Data excerpts
=== Begin Enclosure ===
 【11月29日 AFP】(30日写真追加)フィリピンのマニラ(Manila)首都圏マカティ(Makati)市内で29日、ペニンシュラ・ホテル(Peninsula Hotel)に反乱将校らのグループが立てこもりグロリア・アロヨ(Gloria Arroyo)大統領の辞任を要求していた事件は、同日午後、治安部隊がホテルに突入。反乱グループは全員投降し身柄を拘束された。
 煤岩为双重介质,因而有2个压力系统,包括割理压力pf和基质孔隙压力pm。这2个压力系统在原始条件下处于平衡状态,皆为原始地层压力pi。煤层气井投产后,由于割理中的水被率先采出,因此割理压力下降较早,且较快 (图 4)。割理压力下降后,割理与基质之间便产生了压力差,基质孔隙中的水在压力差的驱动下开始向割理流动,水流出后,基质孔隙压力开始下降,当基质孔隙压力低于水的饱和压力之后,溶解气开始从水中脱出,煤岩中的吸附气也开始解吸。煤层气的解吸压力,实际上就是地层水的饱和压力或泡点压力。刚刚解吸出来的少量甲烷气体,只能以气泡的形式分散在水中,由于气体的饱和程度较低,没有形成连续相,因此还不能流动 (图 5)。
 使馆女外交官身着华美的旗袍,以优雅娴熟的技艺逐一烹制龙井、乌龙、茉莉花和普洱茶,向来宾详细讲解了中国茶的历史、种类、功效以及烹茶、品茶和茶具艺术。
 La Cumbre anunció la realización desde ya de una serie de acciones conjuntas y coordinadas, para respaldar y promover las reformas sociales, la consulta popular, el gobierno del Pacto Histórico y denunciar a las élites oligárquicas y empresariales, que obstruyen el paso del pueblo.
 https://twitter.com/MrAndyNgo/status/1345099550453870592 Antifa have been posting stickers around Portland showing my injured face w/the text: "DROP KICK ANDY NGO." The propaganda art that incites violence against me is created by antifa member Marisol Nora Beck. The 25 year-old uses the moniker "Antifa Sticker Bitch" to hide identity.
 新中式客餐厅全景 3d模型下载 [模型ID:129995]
=== End Enclosure ===
Required action ->
Set out the entries once more, word for word.

Response ->
 【11月29日 AFP】(30日写真追加)フィリピンのマニラ(Manila)首都圏マカティ(Makati)市内で29日、ペニンシュラ・ホテル(Peninsula Hotel)に反乱将校らのグループが立てこもりグロリア・アロヨ(Gloria Arroyo)大統領の辞任を要求していた事件は、同日午後、治安部隊がホテルに突入。反乱グループは全員投降し身柄を拘束された。
 煤岩为双重介质,因而有2个压力系统,包括割理压力pf和基质孔隙压力pm。这2个压力系统在原始条件下处于平衡状态,皆为原始地层压力pi。煤层气井投产后,由于割理中的水被率先采出,因此割理压力下降较早,且较快 (图 4)。割理压力下降后,割理与基质之间便产生了压力差,基质孔隙中的水在压力差的驱动下开始向割理流动,水流出后,基质孔隙压力开始下降,当基质孔隙压力低于水的饱和压力之后,溶解气开始从水中脱出,煤岩中的吸附气也开始解吸。煤层气的解吸压力,实际上就是地层水的饱和压力或泡点压力。刚刚解吸出来的少量甲烷气体,只能以气泡的形式分散在水中,由于气体的饱和程度较低,没有形成连续相,因此还不能流动 (图 5)。
 使馆女外交官身着华美的旗袍,以优雅娴熟的技艺逐一烹制龙井、乌龙、茉莉花和普洱茶,向来宾详细讲解了中国茶的历史、种类、功效以及烹茶、品茶和茶具艺术。
 La Cumbre anunció la realización desde ya de una serie de acciones conjuntas y coordinadas, para respaldar y promover las reformas sociales, la consulta popular, el gobierno del Pacto Histórico y denunciar a las élites oligárquicas y empresariales, que obstruyen el paso del pueblo.
 https://twitter.com/MrAndyNgo/status/1345099550453870592 Antifa have been posting stickers around Portland showing my injured face w/the text: "DROP KICK ANDY NGO." The propaganda art that incites violence against me is created by antifa member Marisol Nora Beck. The 25 year-old uses the moniker "Antifa Sticker Bitch" to hide identity.
 新中式客餐厅全景 3d模型下载 [模型ID:129995]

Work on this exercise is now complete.